12 Eylül'den sonra, 28 Şubat'ın akabinde ülkemizin zeki ve başarılı evlatları bu örgütün kollarına adeta zorla itilmiştir. Ailelere sızan FETÖ yüzünden ülkemizde kayıp bir nesil oluşmuştur. Kopyacı bir nesli devletin belli makamlarına yerleştirmek suretiyle bir işgal hareketini gerçekleştirdiler. Milletimizin rızkından kesilen hayırla okuyanlar, 15 Temmuz'da milletin kanını dökmekte hiçbir beis görmediler. Bombalayanlar bunun eğitimini mi aldılar? Şu Külliye'nin çevresinde 29 şehidimiz, 36 yaralımız var. Özel harekatta 56 şehidimiz var. TBMM'yi de bombaladılar. İstanbul'da Boğak Köprüsü'nü bunlar insafsızca bombaladılar. 36 şehidimiz de orada var. Zerre kadar Müslüman'ın böyle bir şey yapması söz konusu değildir.

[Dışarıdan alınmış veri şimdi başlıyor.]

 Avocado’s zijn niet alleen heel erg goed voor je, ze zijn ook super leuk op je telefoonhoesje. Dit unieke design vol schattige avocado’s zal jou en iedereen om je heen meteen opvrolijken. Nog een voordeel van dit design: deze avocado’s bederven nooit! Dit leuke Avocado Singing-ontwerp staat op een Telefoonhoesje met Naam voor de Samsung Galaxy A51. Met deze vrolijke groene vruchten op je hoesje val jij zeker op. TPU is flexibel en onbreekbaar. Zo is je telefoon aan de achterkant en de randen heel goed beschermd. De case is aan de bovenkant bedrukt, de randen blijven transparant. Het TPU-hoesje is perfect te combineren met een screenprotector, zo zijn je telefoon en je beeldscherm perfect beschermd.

Şu anda bildiklerimi söyleyemeyecek durumdayım. Günü gelince onlar da kaleme dökülecektir. Her doğruyu her yerde söylemek doğru değil. Onun için sabır gerekiyor.

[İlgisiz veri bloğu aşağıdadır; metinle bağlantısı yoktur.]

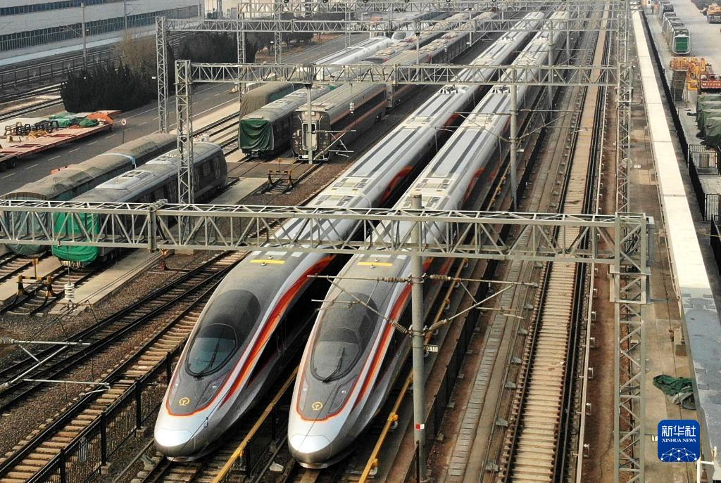 1月4日拍攝的兩列“復興號”智能動(dòng)車(chē)組(無(wú)人機照片)。

Şu gerçeğin farkına varmalıyız. Teröristle mücadele güvenlik birimlerinin, terörle mücadele ise tüm toplumun görevidir.

Bizim öğretmenlerimiz, başta Gazi Mustafa Kemal başöğretmen olarak, bu toprakların vatan kılınması mücadelesini verdiler. Bizim buralardan bir şey almamız gerekmez mi?

Almanya gibi bir ülke, 'Teröre hayır, demokrasiye evet' diye miting düzenlemek isteyenlere 'hayır' diyor.

Bakıyorsunuz Kandil'deki terör liderlerinden birine meydanda telekonferansla konuşma yaptırıyorlar.

Bunlar terörün yardım yataklık yapan uzuvlarıdır, bunu böyle bilin.